31 de janeiro de 2010

a rapidez humana

Lembro-me das lágrimas no cinema. Elas escorriam e brilhavam sobre seu rosto com a luz vinda da tela. Não faz diferença aqui o filme, e, hoje, sequer sou capaz de afirmar com certeza se era esta a causa daquelas lágrimas. Faziam parte de um processo silencioso e particular que eu não poderia interromper. Retornei minha atenção à tela e apenas apertei e acariciei a mão dela. A mão que tanto me deleitava observar, com todos os seus detalhes imperceptíveis à impaciência.
Que mistérios - para mim - passam a cada minuto por sua cabeça e que princípios e crenças determinam os comandos que percorrem o seu corpo em uma fração de segundo formando as ações e palavras, aquele dia, destinadas a mim?

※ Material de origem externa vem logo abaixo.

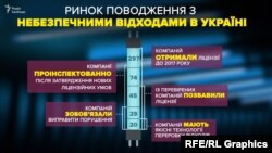 Щороку в Україні утворюється близько 312 мільйонів тонн відходів. Частина з них, зокрема, найнебезпечніші, опиняються на стихійних звалищах, у ярах та лісосмугах. Причина – більшість компаній, які мають відповідні ліцензії, займаються переробкою тільки на папері, визнають посадовці Мінприроди і недержавні експерти. Обґрунтовуючи необхідність вирішення проблеми, у профільному міністерстві заявляють про перевірку переробників відходів та позбавлення порушників ліцензій. Натомість деякі депутати та експерти звинувачують урядовців у лобізмі. Тим часом, більша частина небезпечних відходів в Україні не утилізується, зокрема, внаслідок недоліків природоохоронного законодавства, наголошують фахівці.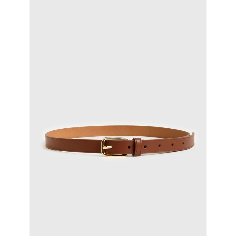DESCRIPTION: Embrace timeless sophistication with this refined leather belt. Made from supple calfskin, it exudes elegance with its clean lines and minimalist gold buckle.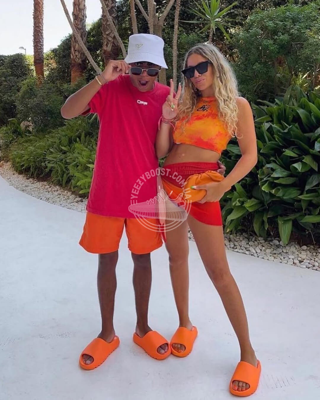 Adidas Yeezy Slide «Enflame Orange» були розроблені в рамках колаборації Adidas x Yeezy. Реліз кольору відбувся 21 червня 2021 року. Окрім кольору «Enflame Orange», одним із найяскравіших і найпомітніших вважається також колір Yeezy Slide «Glow Green». Незважаючи на те, що шльопанці мають мінімалістичний дизайн, вони не такі прості, як можуть здатися на перший погляд. Сланці Yeezy Slide виготовляються з м’якої піни EVA, що робить їх легкими та міцними протягом усього часу. Завдяки спеціальним канавкам в області пальців, подушечок і п’яти, стопа надійно фіксується, а ребриста підошва забезпечує зчеплення на слизьких поверхнях, завдяки чому ви отримуєте максимальний комфорт і захист від ковзання. Зовнішній брендинг обмежений логотипом Adidas Performance на подушечці в області п’яти та вигравіруваним написом YEEZY на внутрішній частині сланців. Adidas Yeezy Slide – це неймовірна легкість та максимальна амортизація.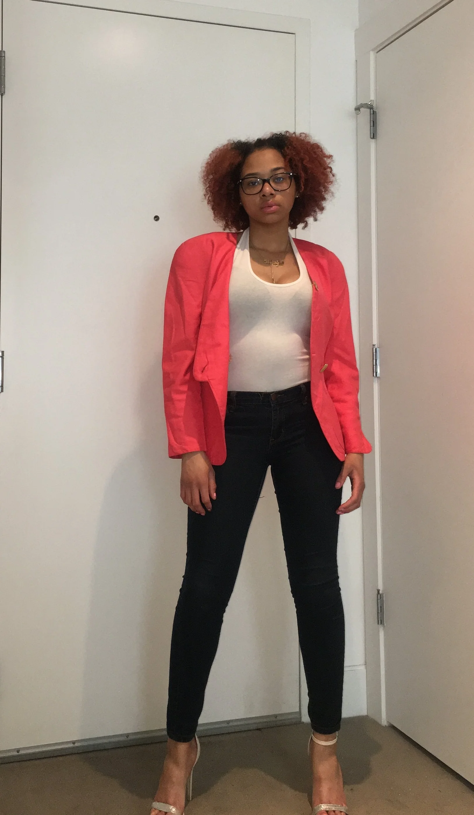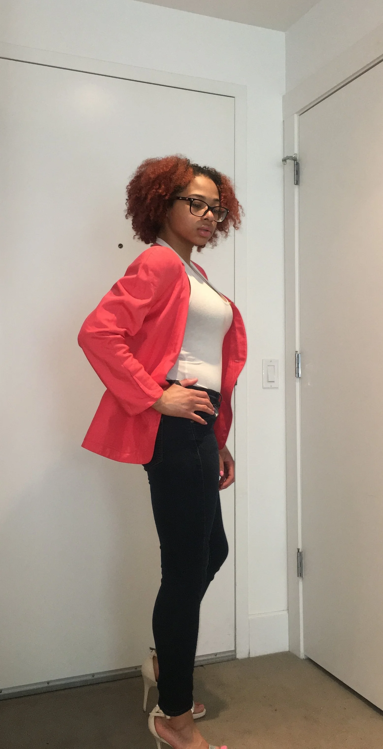 I'm pretty sure everyone in fashion has heard the saying "It's not what you wear, but how you wear it." well being cautious of weather change and this outfit falls right into that. I haven't brought out the shorts and sleeveless tops but I've brought out the colors, especially with this jacket. Spring is all about bright colors like yellow, pink, coral, blue, green, pastels, orange etc. so if you don't want to bare it all just yet, bring out the colors and use statement pieces like this coral blazer I wore so you can look like spring, but still be prepared for Mother Nature to change her mind.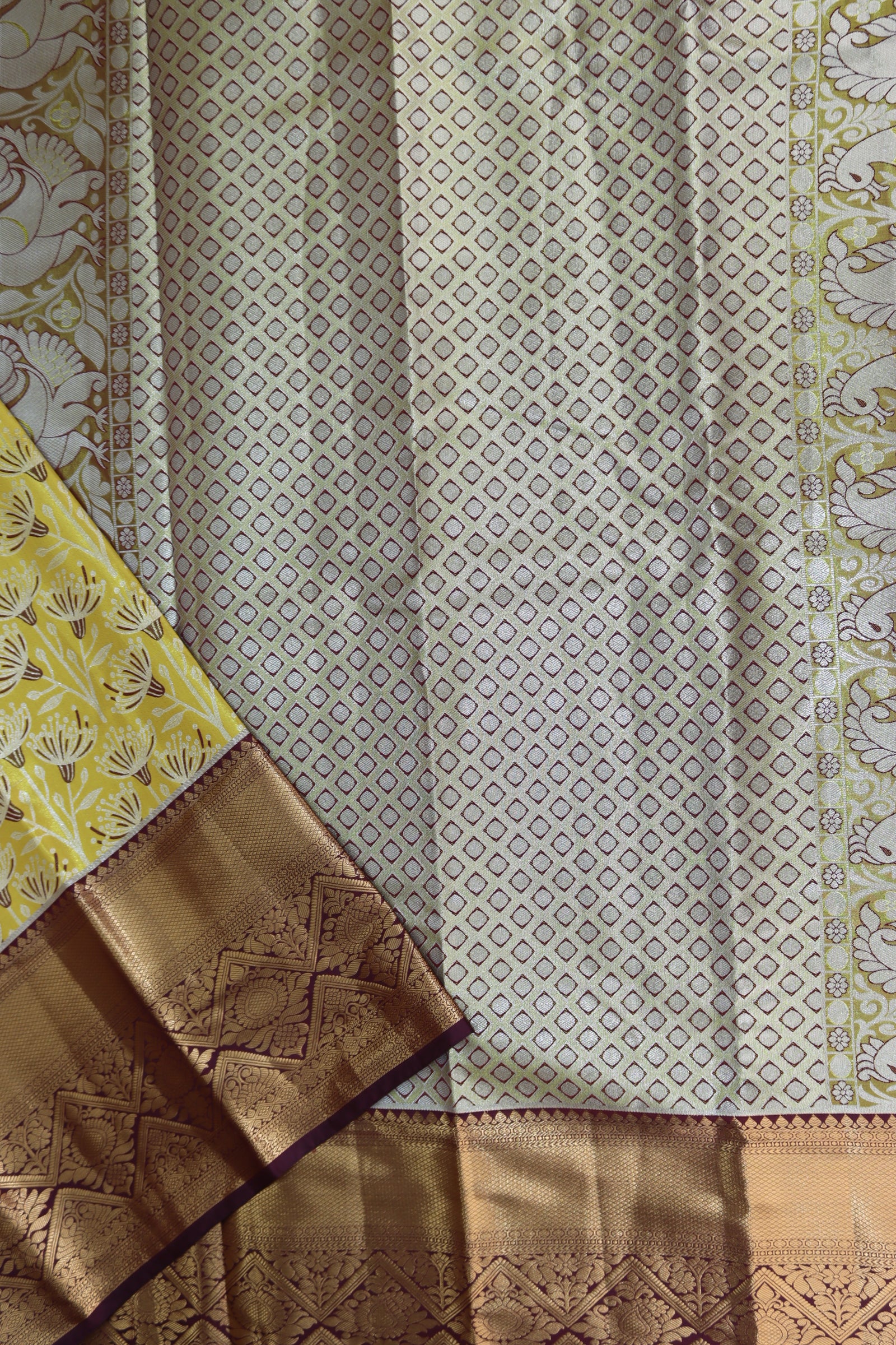 Enhance your fashion sense with our exquisite Yellow Kanjipuram Saree. Made from opulent silk, our Chic Yellow Saree showcases a majestic peach hue and polished pattern. Its accompanying blouse exudes grace and ease, ideal for all events. Immerse yourself in class and differentiate yourself with this product.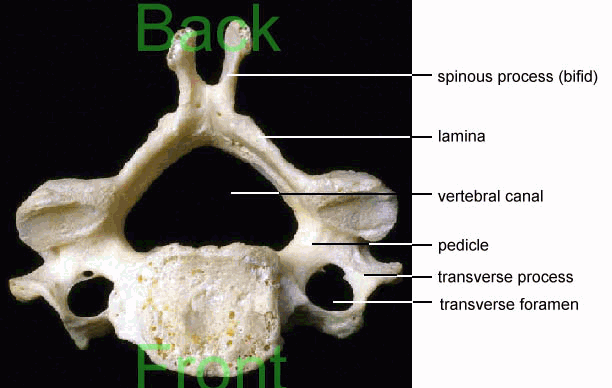 The cervical vertebrae are unique in their structure. They have two unique, identifying features. First, they have a 'bifid spinous process'. 'Bifid' means that the spinous process is divided into two 'clefts'. The second unique feature is the 'transverse foramen'. This is an opening in the 'transverse process' that allows passage of a small artery called the 'vertebral artery'. This artery is an ascending branch of the subclavian artery. It passes through the 'transverse foramen' at the sixth cervical vertebra, travels upwards across the posterior arch of the first cervical vertebra, enters the skull and joins the other vertebral artery, forming the 'basilar artery'.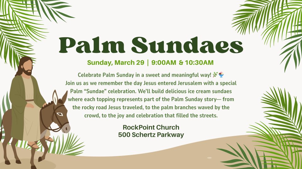 Join us as we remember the day Jesus entered Jerusalem with a special Palm “Sundae” celebration. We’ll build delicious ice cream sundaes where each topping represents part of the Palm Sunday story. From the rocky road Jesus traveled, to the palm branches waved by the crowd, to the joy and celebration that filled the streets.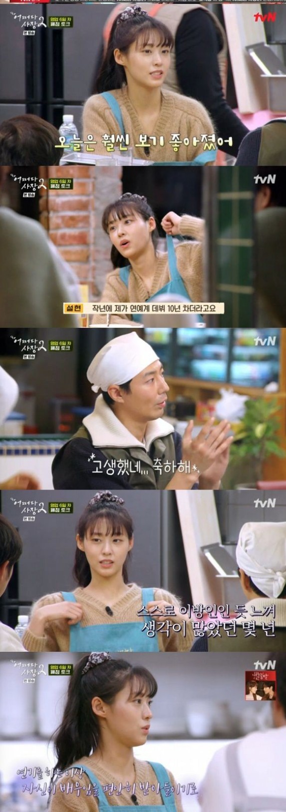 이날 멤버들과 식탁에 모인 설현은 “작년에 제가 연예계 데뷔 10년 차가 됐더라”라며 “가수 활동할 때는 연기 활동 하는 것에 약간 주눅 드는 게 있었다. 이방인이 된 것 같은 기분이었는데 지금은 많이 편해진 것 같다”고 말했다.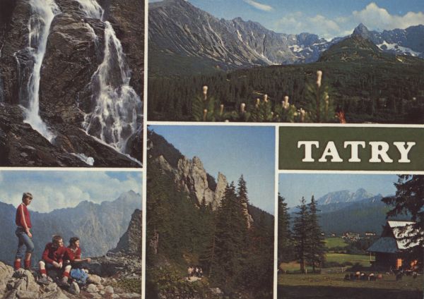 Pocztówka 5. elementowa. Na zdjęciu po lewej stronie u góry Siklawa. Obok widok z Hali Gąsienicowej w tle po prawej Kościelec. Poniżej widok na Giewont. Obok Kominy w Dolinie Strążyskiej. Obok turyści na progu Dolinki za Mnichem.
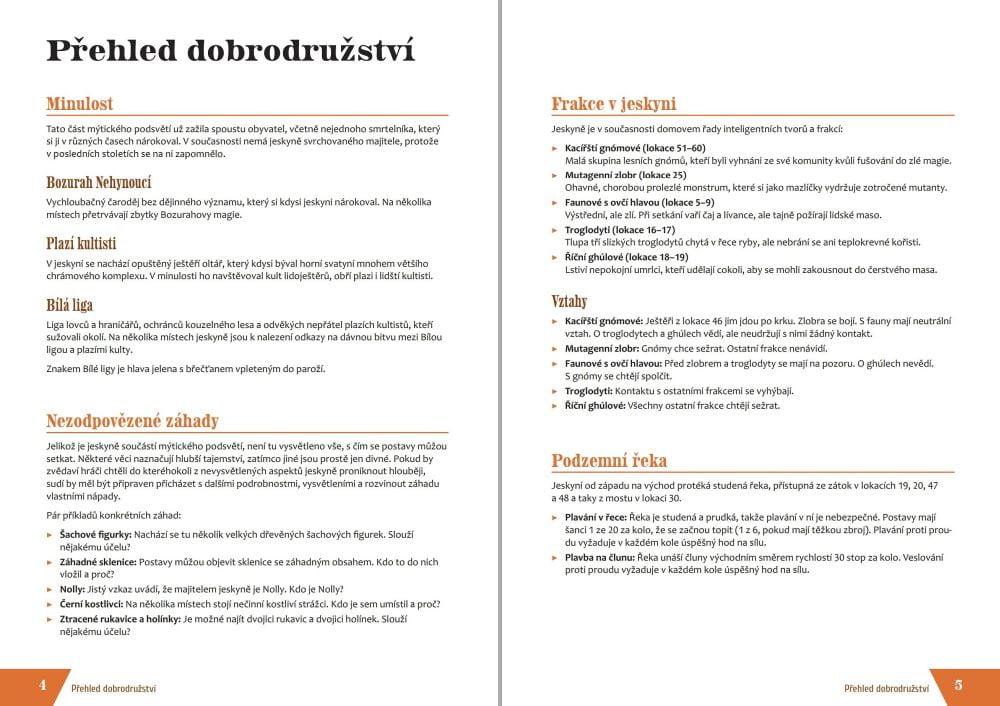 Tabulka zvěstí, přehled pokladů, návrhy na rozšíření jeskyně a další praktické informace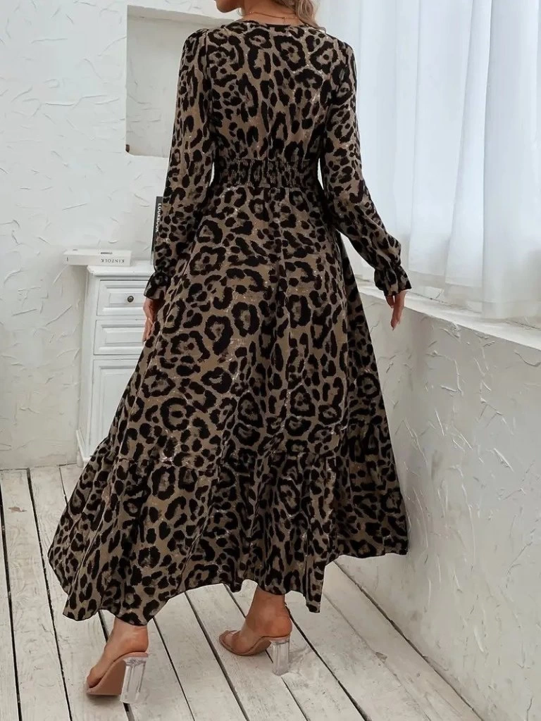 Kadın Uzun Kollu Kruvaze Yaka Leopar Desenli Uzun Süprem Elbise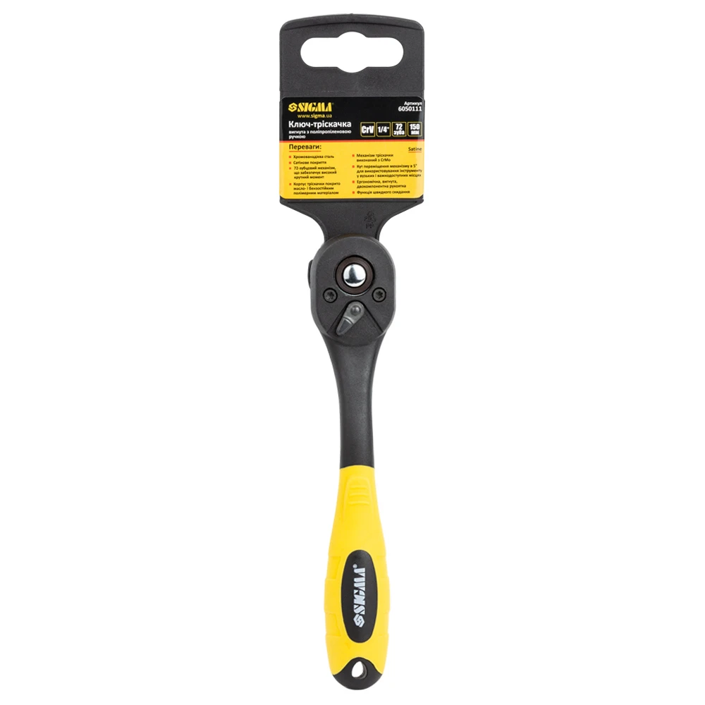 Ключ-тріскачка вигнута з поліпропіленової ручкою 1/4" 150мм 72T CrV SIGMA (6050111) - це ручний інструмент, за допомогою якого можна виконати монтаж / демонтаж різьбових з'єднань. На відміну від стандартних ключів, тріскачка дозволяє оптимізувати роботу, дозволяючи працювати без необхідності переставляти ключ для нового обороту. Сфера застосування даного інструменту дуже широка, так як це дуже корисний інструмент в асортименті кожного автослюсаря, а також для кожного власника авто.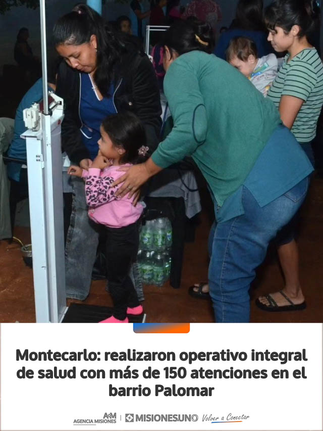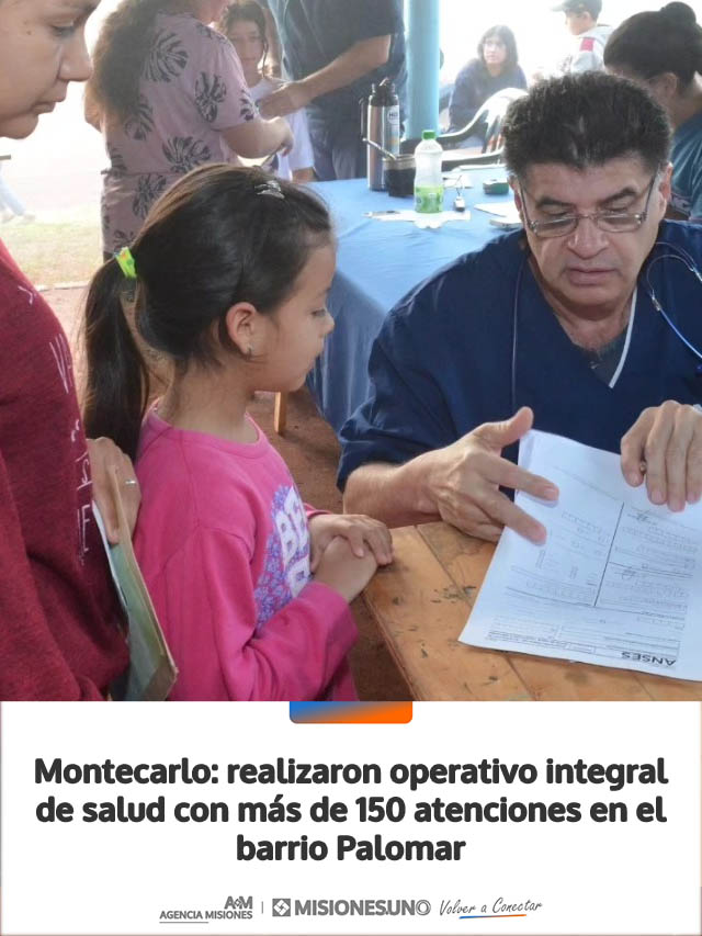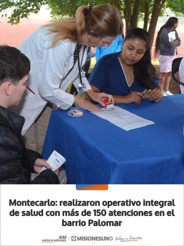 AGENCIA MISIONES.UNO | La Municipalidad de Montecarlo llevó adelante una nueva jornada de atención integral en el barrio Palomar, donde se concretaron 159 atenciones y se aplicaron 93 vacunas, acercando servicios esenciales a los vecinos.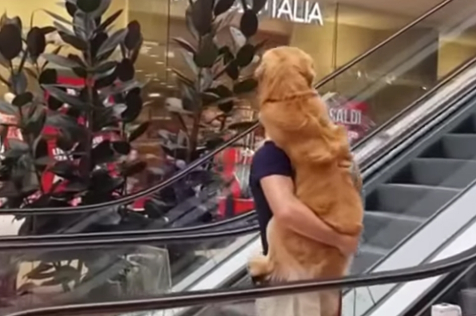 Un video súper tierno enamora a todos en las redes sociales. En las imágenes se ve a un hombre alanzando a upa a su gran perro porque le da miedo subir por la escalera mecánica de un shopping.

Que desejos e vontades. Que sentimentos...
O mundo é tão rápido.

14 de janeiro de 2010

h maiúsculo

Eu o encontrei em um dos bares daquela rua, em um fim de tarde, por acaso. Ele estava sentado com a namorada, os dois tomavam cerveja e conversavam. Eu cheguei com duas amigas, nós sentamos, pedimos cerveja e conversamos.
Ele usava um all star verde capim, um jeans azul escuro, um lenço xadrez ao redor do pescoço e com as pontas para trás, como sempre, e a camiseta com o Che de ray ban - "eu nem me dei conta naquele dia. No quarto de um militar com aquela camiseta. Ele ficou me olhando sério e não me cumprimentou, e eu não entendi por quê até minha namorada me puxar pela porta de volta. Passei um mês sem pisar na casa. Mas, ah, o que que eu ia fazer? A camiseta era bem como eu sou, mesmo: uma mistura, uma mistura que não dá pra entender e é isso."
Eu usava meu all star bege, um jeans também azul escuro e uma blusa vermelha sem mangas - "vermelho é a cor da sedução, meninas. Quando quiserem seduzir alguém, usem vermelho."
Ele não me viu. Eu fui ao banheiro e, quando saí, a namorada tinha ido embora. Parei na mesa dele e cumprimentei. Perguntei se, depois de quase dois anos, ele ainda se lembrava de mim. "Claro. Era a penúltima fileira à direita, não era?" Minhas amigas olharam, fizeram sinal e foram embora. Perguntei sobre a faculdade de História, que eu tinha vontade de fazer depois de terminar a minha. Ele me deu uma carona. Eu o convidei para entrar e tomar vinho. Ele aceitou. Nós dormimos juntos.
Apenas dormimos.
E mesmo assim me considerei uma vagabunda até a manhã seguinte, quando soube que a mulher, naquele dia, era a ex-mulher, a mãe da filhinha dele de oito anos. "Era minha ex-mulher." Assim. As primeiras palavras da manhã. Como se tivesse percebido que eu acordara há tempo e soubesse no que eu pensava desde então.
Talvez tivesse percebido. Talvez soubesse.
E então me beijou. Com os lábios ainda secos. Com o hálito puro das sete da manhã. Gosto de boca. Sem disfarces, flúor, halls ou chicletes de menta.
E então me beijou. Com os lábios ainda secos. Como só um homem quase vinte anos mais velho poderia fazer. Sem se importar com a pequena espinha que há poucos dias surgira no canto esquerdo do meu queixo. Sem frescuras.
A manhã de verão, sem dar conta dos nossos batimentos acelerados e do suor dos nossos corpos, passou também acelerada. A tarde e a noite pediam para chegar.
Eu o deixei em um dos bares daquela rua, em um fim de tarde, por acaso. A mulher, nesse dia, era a namorada, perdoada.

9 de janeiro de 2010

2010

A luz dos faróis do carro forte em meus olhos, cegando. E depois outro, e outro, e outro, e outro, sem nunca cessar. Feixes sucessivos de luz.

- A vida em películas - ele disse.

Então nós viramos de costas. Os carros continuaram a passar, mas a vida havia parado.